Unit 2: Chemistry and Cellular Functions Flashcards
Biological molecules of life.
Four types of biological molecules
Carbohydrates, Proteins, Lipids, and Nucleic Acids
Carbohydrates
- Most abundant of biological molecules (sugar)
- Consists of Monosaccharides, Oligosaccharides, and Polysaccharides
- Quick Energy
Monosaccarides
Monomer. Basic unit of carbohydrates. C6 H12 O6
Ex. Glucose & Ribulose
Oligosaccharides
Covalently linked monosaccharide units. (part of carbohydrates)
Associated with proteins (glycoproteins) and lipids (glycolipids)
Polysaccharides
Large monosaccharide units. (part of carbohydrates)
ex. Starch & Glycogen
Lipids
- Organic compounds that are insoluble in water (i.e. hydrophobic
- Fats, phospholipids, cholesterol and steroids
- Consists of monomers called “fatty acids)
Proteins
- Monomers are amino acids
- Synthesized from the same 20 amino acids.
- Form peptide bonds, compose dipeptides, tripeptides, oligopeptides, and polypeptides.
Nucleic Acids
- Large biomolecules that plays essential roles in cells and viruses; carries genetic information
- Two types: Deoxyribonucleic Acid (DNA) & Ribonucleic Acid (RNA)
- Made of monomers called nucleotides (each nucleic acid made from 8 nucleotides)
Structure of Carbohydrates
- Consists of long carbon chains attached to hydroxyl and carbonyl groups.
- Empirical Formula: Cn H2 O (always 2x many H than O)
Structure of Lipids
Saturated compounds (long organic molecules without pi bonds).
General Structure: Glycerol backbone, 2 fatty acid tails (long carbon chains; 16-18 carbons), and a phosphate group.
Structure of Proteins
Have a primary amino group, carboxylic acid group substituent, and a centered carbon atom (except proline).

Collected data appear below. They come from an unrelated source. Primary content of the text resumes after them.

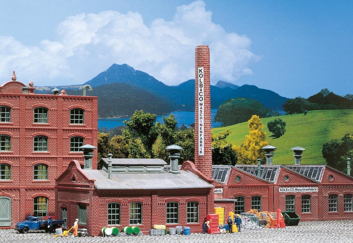Mit großem Fabrikschornstein. Passend zu den Gebäuden Art. 222201 und Art. 222203.
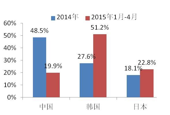 2015年1月-4月中日韓訂單承接情況
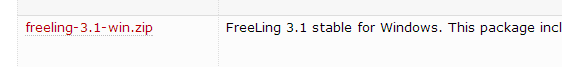 - Desde la página de descarga se selecciona la opción de descarga del paquete Freeling 3.1 para Windows y que está preparado para instalación sin necesidad de compilación adicional.
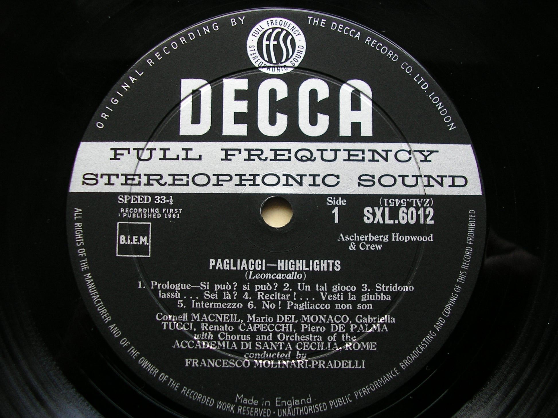 SXL 6012  LEONCAVALLO: PAGLIACCI  / MASCAGNI: CAVALLERIA RUSTICANA  highlights   MARIO DEL MONACO / GIULIETTA SIMIONATO / GABRIELLA TUCCI / CORNELL MACNEIL / ACCADEMICA DI SANTA CECILIA / TULLIO SERAFIN / FRANCESCO MOLINARI-PRADELLI
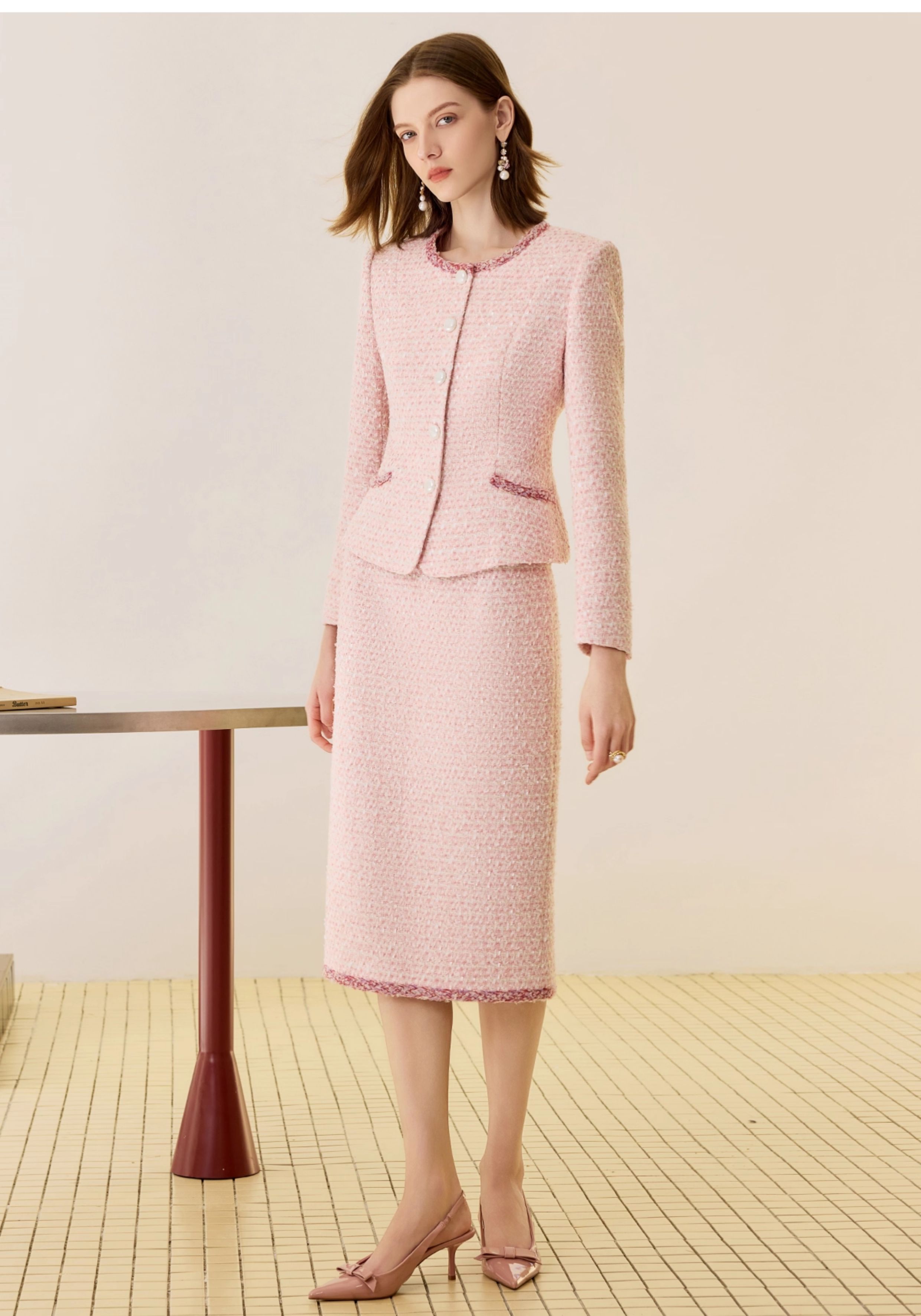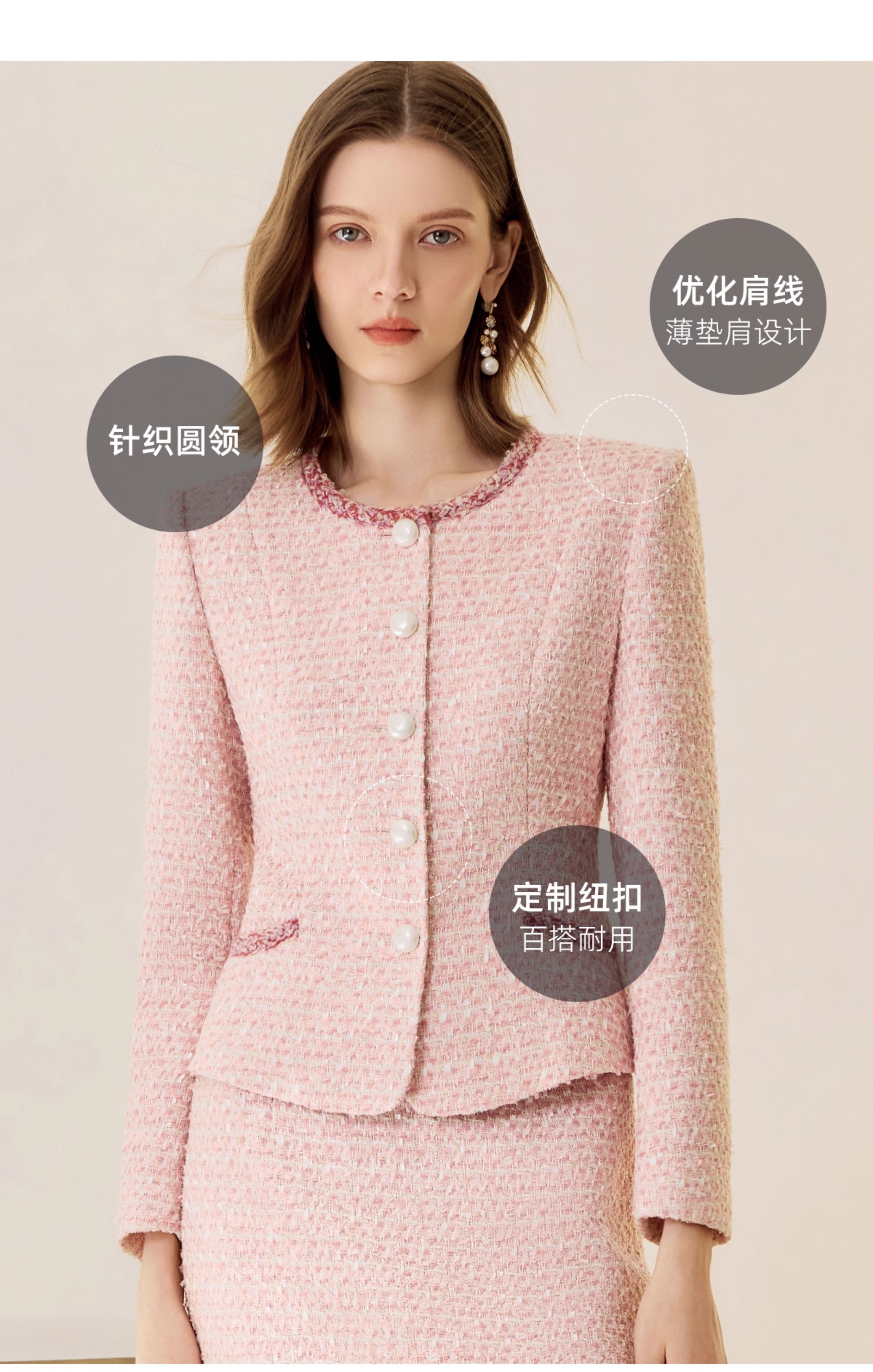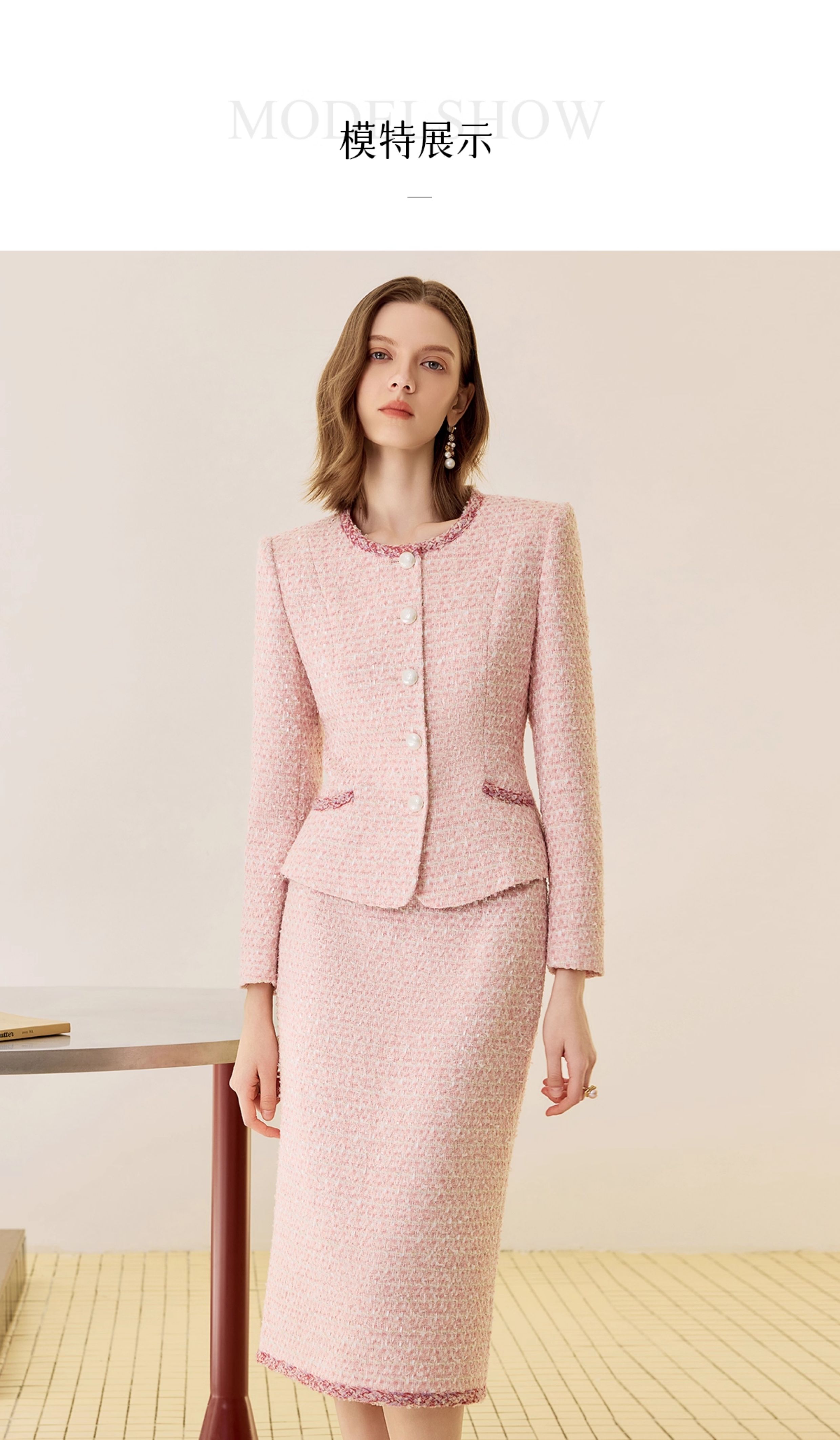 艾尚臣粉色小香风西装套装裙女秋冬高级感播音主持人正式场合正装
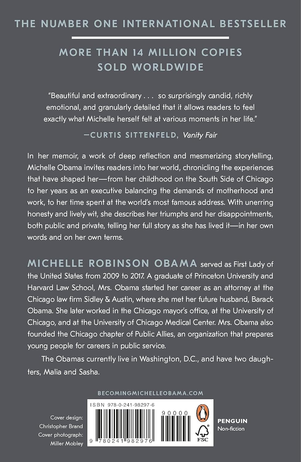 In her memoir, a work of deep reflection and mesmerizing storytelling, Michelle Obama invites readers into her world, chronicling the experiences that have shaped her -- from her childhood on the South Side of Chicago to her years as an executive balancing the demands of motherhood and work, to her time spent at the world's most famous address. With unerring honesty and lively wit, she describes her triumphs and her disappointments, both public and private, telling her full story as she has lived it -- in her own words and on her own terms.
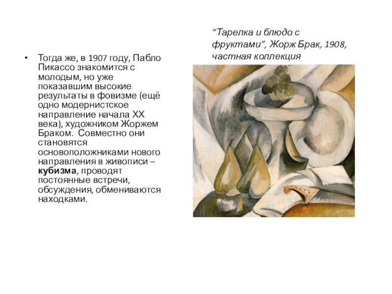 “Тарелка и блюдо с фруктами”, Жорж Брак, 1908, частная коллекция
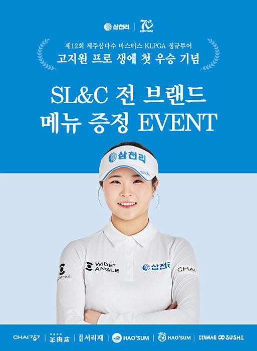 올해 창립 70주년을 맞이한 삼천리그룹에서 외식 사업을 전개하는 SL&C는 고지원 프로의 뜻 깊은 생애 첫 우승을 기념해 5만원 이상 구매 고객을 대상으로 ▲모던 중식당 ‘Chai797’이 유린기와 밀크티 ▲홍콩식 대중음식점 ‘호우섬’이 크런치 유린기와 밀크티, ‘살롱드호우섬’이 홍콩식 크림 유린기와 밀크티 ▲직화구이 전문점 ‘서리재’가 함흥냉면과 단호박식혜 ▲정통 에도마에 전문점 ‘이타마에 스시’가 혼마구로 사시미를 증정한다.
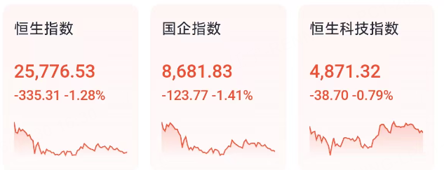 4月30日周四,港股三大指数集体下跌。截至收盘,恒生科技指数跌0.79%,恒生指数跌1.28%,国企指数跌1.41%。
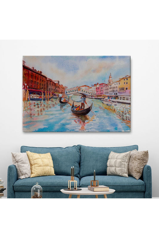 Venedik Kanalları Yağlıboya Çalışması Dekoratif Kanvas Duvar Tablosu-3428
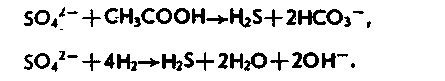 Проблемы возникают при присутствии в сбраживаемых сточных водах сульфат-ионов, которые сами по себе обладаюt весьма умеренной токсичностью. Но всегда присутствующие в микрофлоре анаэробных реакторов сульфатвосстанавливающие бактерии (СВБ) являются очень мощными конкурентами метаногенов, так как процесс сульфатредукции является значительно более энергетически выгодным, рем реакции метанобразования. Кроме того, продуктом жизнедеятельности СВБ является сильный ингибитор метанового брожения сероводород:

Also forms peptide bonds. (e.g. dipeptides, tripeptides, oligopeptides, and polypeptides).
Proteins
- Complex unbranched macromolecules
- Involved in Growth and Repair, Regulation, and Enzyme Activity
- Dietary Sources: Fish, poultry meat, beans, peanuts
Structure of Proteins
- Consists of elements S, P, C, O, H, N
- Each has a conformation unique shape (primary, secondary [hydrogen bonding alpha helix, beta pleated sheet], tertiary, and quarternary).
Amino Acids
- Make up proteins
- Functional groups: amino group and carboxyl group.
- Linked by together via peptide bonds
Primary Structure of Proteins
- Amino Acid sequence in a polypeptide chain (if less than 20, they are oligopeptides, e.g. hormones)
- Peptide bonds formed by condensation reaction, between amino group of the first AA and the carboxyl group the 2nd AA.
Secondary Structure of Proteins
- Forms hydrogen bonding within the polypeptide module
- Folds into alpha helix (RH) or a beta pleated sheet (N-H and C=O bond)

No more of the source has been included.